#### [Exercise instructions]
Copy the final lines exactly, starting at the one that contains "复古水洗牛仔布双肩包可爱腊肠狗大学生背包小众大容量休闲旅行包" and ending with the last line of the listing below. Pictures are not part of the copy.

########################################

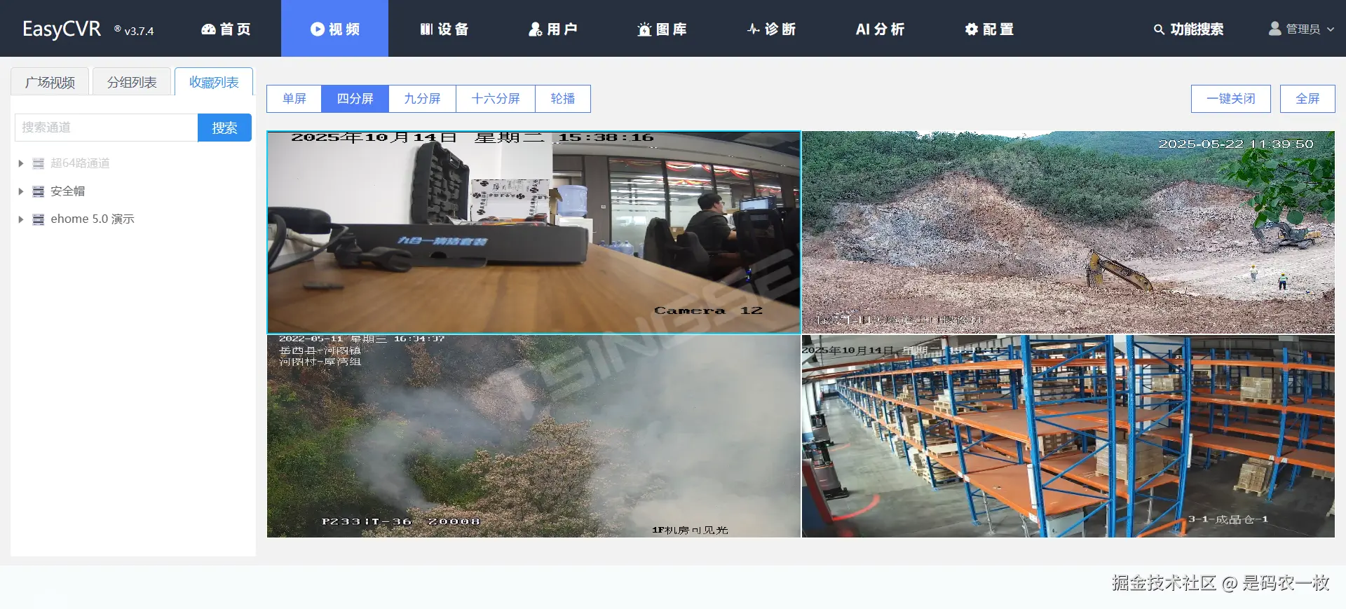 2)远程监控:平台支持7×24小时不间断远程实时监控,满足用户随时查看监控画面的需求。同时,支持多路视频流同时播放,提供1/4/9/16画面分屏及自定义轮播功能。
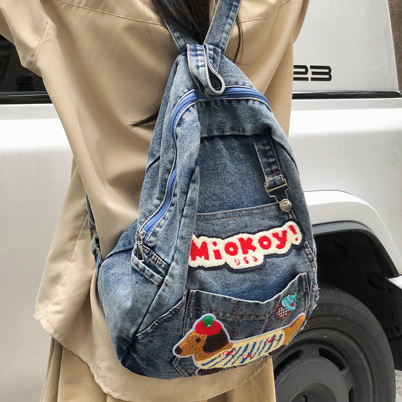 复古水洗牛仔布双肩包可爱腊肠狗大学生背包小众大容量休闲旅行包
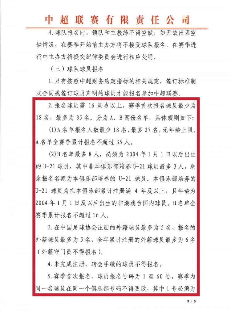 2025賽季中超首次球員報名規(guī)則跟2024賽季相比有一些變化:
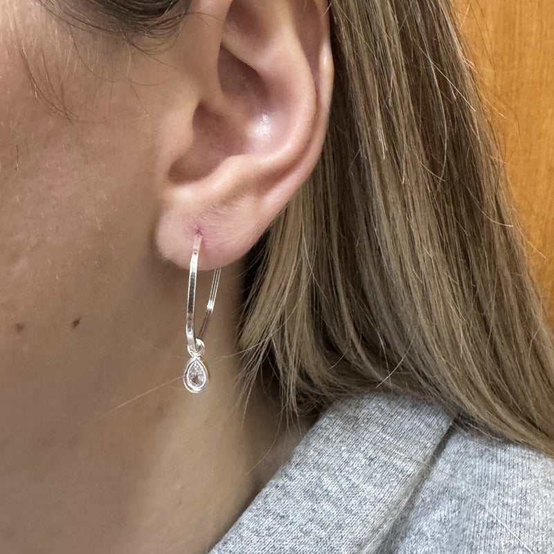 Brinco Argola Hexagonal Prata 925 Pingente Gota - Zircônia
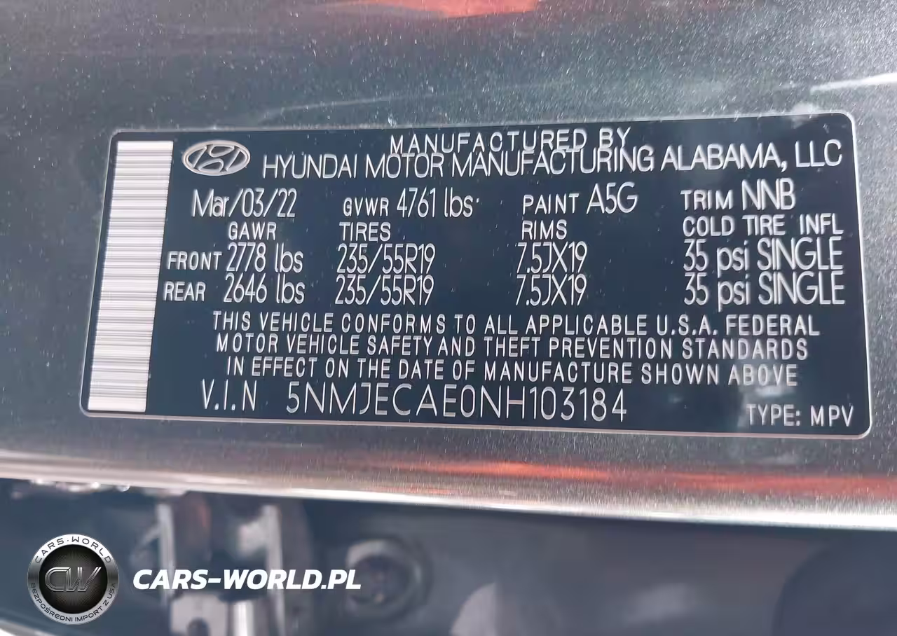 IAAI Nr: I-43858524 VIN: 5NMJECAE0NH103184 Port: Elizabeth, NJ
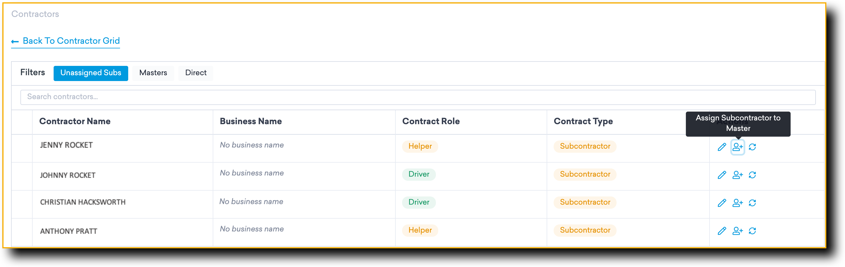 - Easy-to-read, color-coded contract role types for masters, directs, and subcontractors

########################################

#### [Response below]
 复古水洗牛仔布双肩包可爱腊肠狗大学生背包小众大容量休闲旅行包
 2025賽季中超首次球員報名規(guī)則跟2024賽季相比有一些變化:
 Brinco Argola Hexagonal Prata 925 Pingente Gota - Zircônia
 IAAI Nr: I-43858524 VIN: 5NMJECAE0NH103184 Port: Elizabeth, NJ
 - Easy-to-read, color-coded contract role types for masters, directs, and subcontractors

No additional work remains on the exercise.